You wrote for strings on Vulnicura, and on Utopia there are a lot more flutes. You studied flute as a child, so what drew you back to that sound ?

It was a gradual thing that became obvious. As a kid, I had a complicated relationship with the flute. It wasn’t my first choice. I was always moving away from it and doing everything except flute. So maybe enough time has passed that I can actually go back and rediscover it. And after all the gravity of the last album, it feels so light and floaty. It’s like sitting in the clouds.

We started collecting mythological stories from around the world, from South America and Africa and all over, and I read all these books about utopia. I was trying to see : Why am I obsessed with flutes right now ? Where is it personal and where is it universal ? So it was really satisfying to discover that a lot of the stories were about women in the tribe stealing the flutes. They escaped with the children and went to a utopian place. Sometimes they got found out and something terrible happened, like violence. But in some stories, they managed to create a world where there was no violence or war. I was really excited by that. I also think people who end up being flute players are such interesting characters. They’re always eccentric.

Utopia seems like an idea that people have had forever. It always feels like humans are striving toward it, but we have different ideas of what it would look like. Do you think it’s possible to achieve ? Or do you think it’s something that we’ll always reach for but never quite get to ?

I think it’s a bit of both. It’s so human to dream and want something really far-reaching. And sometimes it actually comes true, and sometimes it doesn’t. I like the gap between.
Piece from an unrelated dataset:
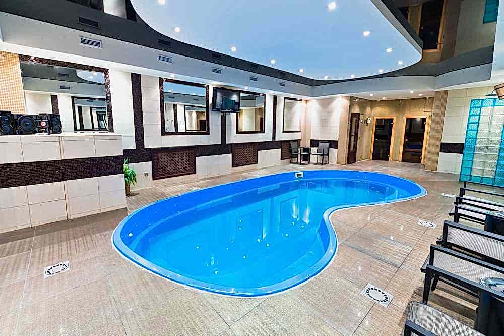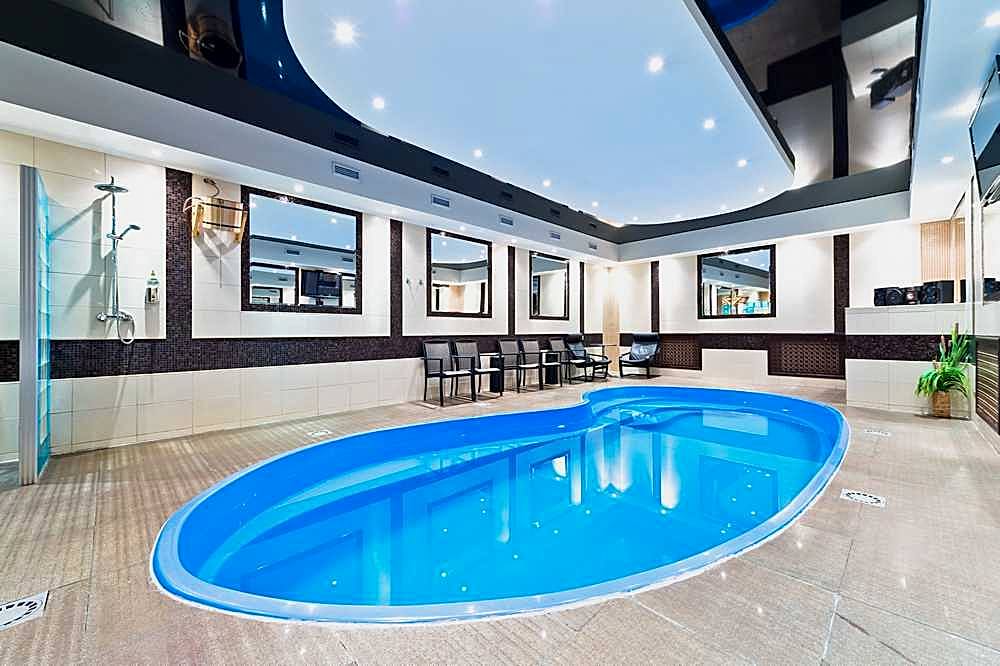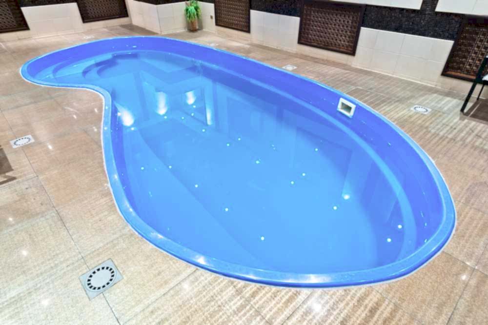 Имеет плавные изгибы силуэта чаши, по форме напоминающие природный водоем. Оснащена римской лестницей для обеспечения удобного входа в воду, которая представляет собой полукруглые плавно нисходящие в глубину ступени, Пинап в мелководной зоне. В глубокой части расположен комфортный полукруглый диван.
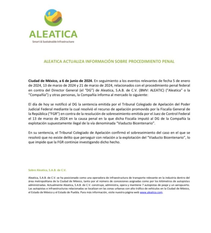El texto informa que, en seguimiento al procedimiento legal federal en contra del Director General de Aleatica y otras personas, el Tribunal resolvió la apelación promovida por la Fiscalía General de la República en contra de la resolución de sobreseimiento emitida por el Juez de Control en marzo en la causa penal que imputaba al Director General de la compañía de explotación supuestamente ilegal del Viaducto.

Just looking around at my friends, I saw there was an interesting gap between “this is what I want, this is my manifesto” and what actually comes through. If there’s a really big difference, that’s bad, but it’s a beautiful quality that humans have. It’s a survival mechanism to have a recipe for what’s going to happen. A minority of it happens, but you still need that recipe to get going. Maybe I just wanted to write an album about that need.
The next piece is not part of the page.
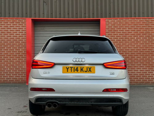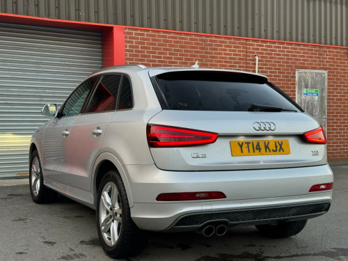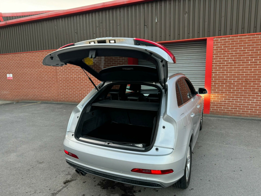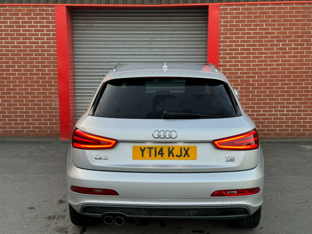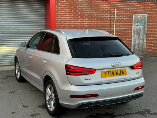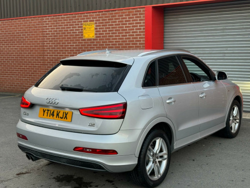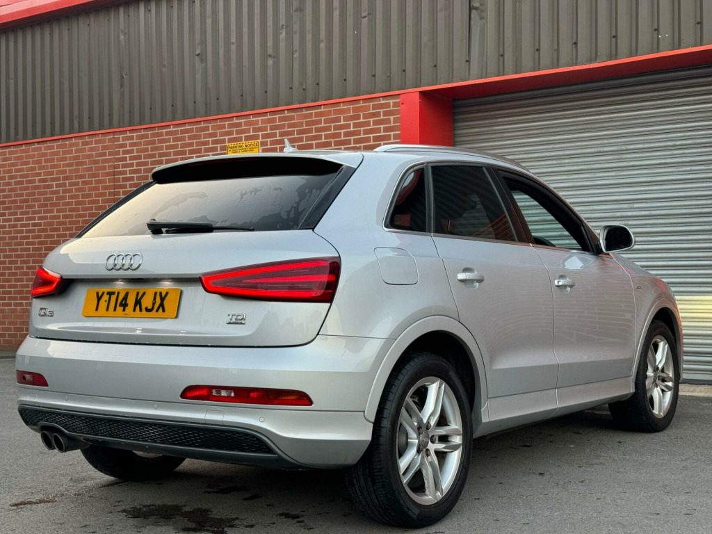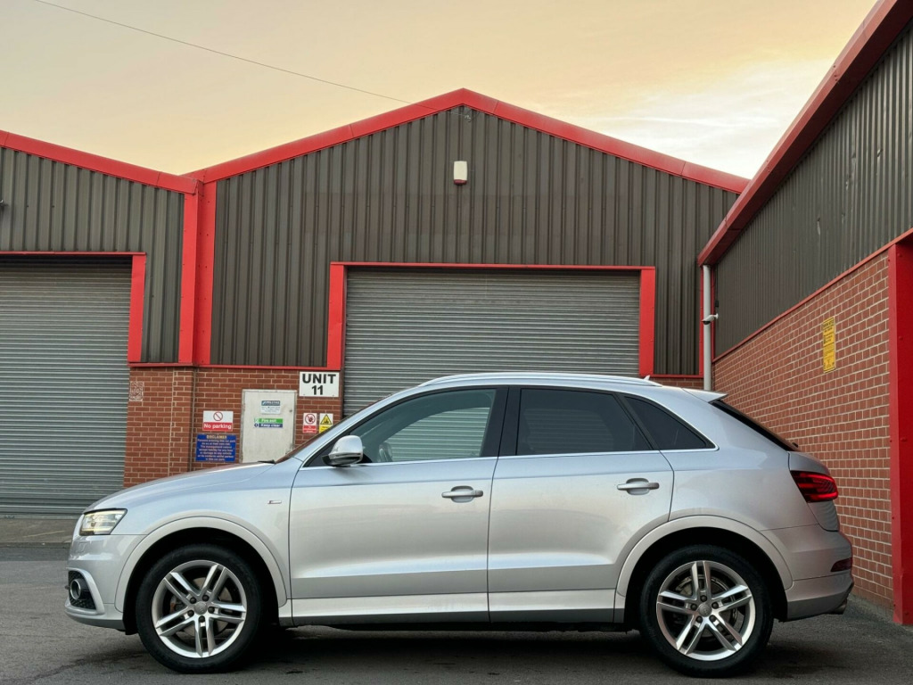 Unbeatable deals at affordable prices buy with confidence.very good condition for its age come with 12 months mot fresh service half leather interior sat nav This Audi Q3 TDI S line from 2014 boasts a clear vehicle history, offering you peace of mind. As a 2.0 litre diesel model with Four Wheel Drive, this S line trim vehicle combines efficiency with capability. Inside, you'll find comfort and convenience with Dual Zone Electronic Climate Control and a Bluetooth interface for mobile telephone preparation. Driving is made easier and safer with automatic activation of Bi Xenon Plus headlights and rear parking sensors.The combination of its advanced features and strong performance makes this Audi Q3 a compelling option, many more extras!!!!, v power socket - rear centre console, 18in alloy wheels - 5-double-spoke design, 6.5in display screen, abs - anti-lock braking system, ami - audi music interface, asr - anti slip regulation, airbags - driver, airbags - front passenger, airbags - front side, airbags - head system, alarm - thatcham category 1, anti theft locking wheel bolts, automatic wipers with rain sensor, brake lights - led, bumpers - front and rear - s line design, car jack, cloth headlining in black, concert radio - mp3/cd player, dab digital radio, diffuser insert and centre front spoiler lip painted in platinum grey, door mirrors - body coloured with integrated led indicators, door mirrors - electrically adjustable and heated, door sill trims with s line logo, drivers information system - dis, dual-zone electronic climate control, dynamic suspension, ebd - electronic brakeforce distribution, edl - electronic differential lock, esp - electronic stability programme, efficiency program in the drivers information system - dis, electric windows - front and rear, electrically adjustable 4-way lumbar support, electromechanical parking brake, electromechanical power steering, exhaust tailpipe - chrome plated, first aid kit, fog lights - chrome surrounds, folding storage compartment in front centre armrest, front centre armrest - adjustable, front fog lights, front passenger airbag deactivation switch, front sports seats, front and rear floor mats, full paint finish, gear knob - perforated leather, glovebox - ventilated, headlights - automatic activation, headlights - automatic adjustment, headlights - automatic dynamic range control, headlights - bi-xenon plus, headlights - coming-leaving home function, headlights washers, heated windscreen washer jets, isofix child seat mounting for front passenger, isofix child seat preparation for rear seats with top tether, inlays - matt brushed aluminium, led daytime running lights, led rear indicators, led rear lights, mobile telephone preparation - bluetooth interface, preparation for sd card-based navigation system, radiator grille - with vertical chrome bars, rear parking sensors, rear air vents in rear centre console, remote central locking with 2 fold away keys, reversible luggage compartment floor, roof rails - aluminium, s line badges on front wings, s line body styling, sdhc card reader x2, seat belt reminder, seats - drivers manual height adjustment, seats - front sports - s line embossed, seats - sports, smoking package, space saver spare wheel, speakers x8, split-folding rear seats, stainless steel loading sill protector, steering wheel - 3-spoke leather trimmed sports, steering wheel - gear-shift paddles, steering wheel - height and reach adjustable, steering wheel - multi-function, sunband for windscreen, tp memo - automatically saves traffic news, thatcham category 1 immobiliser, tool kit, towbar preparation, tyre pressure monitoring system, voice control - telephone, warning triangle, washer fluid level indicator, window surrounds - aluminium

How did you explore that idea with the sound world you built on the album ?

There was a certain period where I was saying to my friends, “Maybe this is a tryptic.” There were definitely three stages [of writing]. There’s the utopian, futuristic, sexy part where we’re heading off to this island where everybody’s naked and there’s no violence, like a sci-fi novel. We were reading these black lesbian sci-fi books and really going off into that direction. The second part is more real and human. And then in the third section, songs like “Body Memory” and “Loss” are more of a continuation of previous albums.

“Loss” is very much a continuation of “Pagan Poetry,” a certain sort of girl goth music. And “Body Memory” was a really strange song for me. I did not know what to do with that song. In the beginning it was 20 minutes long, and I ended up recording a 60-piece choir [the Hamrahlid Choir] on it. They all came to my cabin. It’s one of the best choirs ever. We invited [conductor Þorgerður Ingólfsdóttir], this incredible Icelandic woman who’s in her 70s. She’s a legend in Iceland. I sang myself in this choir when I was 16. I’ve listened to this choir all my life, so to finally write something for it was really scary and courageous. Just sitting in the church when we recorded it was really satisfying. It felt like I’d broken into a new place.

“Black Lake” on Vulnicura was the darkest and saddest I’ve ever gone. “Body Memory” is a reply to that. It is my manifesto. My subconscious was like, “OK, I’ll let you write the saddest song ever for 10 minutes if you then write something to counter that.” And then this song came out all in one go. Each verse is about big things in life : destiny, love, sex. It’s a bit big-headed. It’s about, “OK, how am I going to live the second half of my life ?” It’s a new territory, a door that’s opened.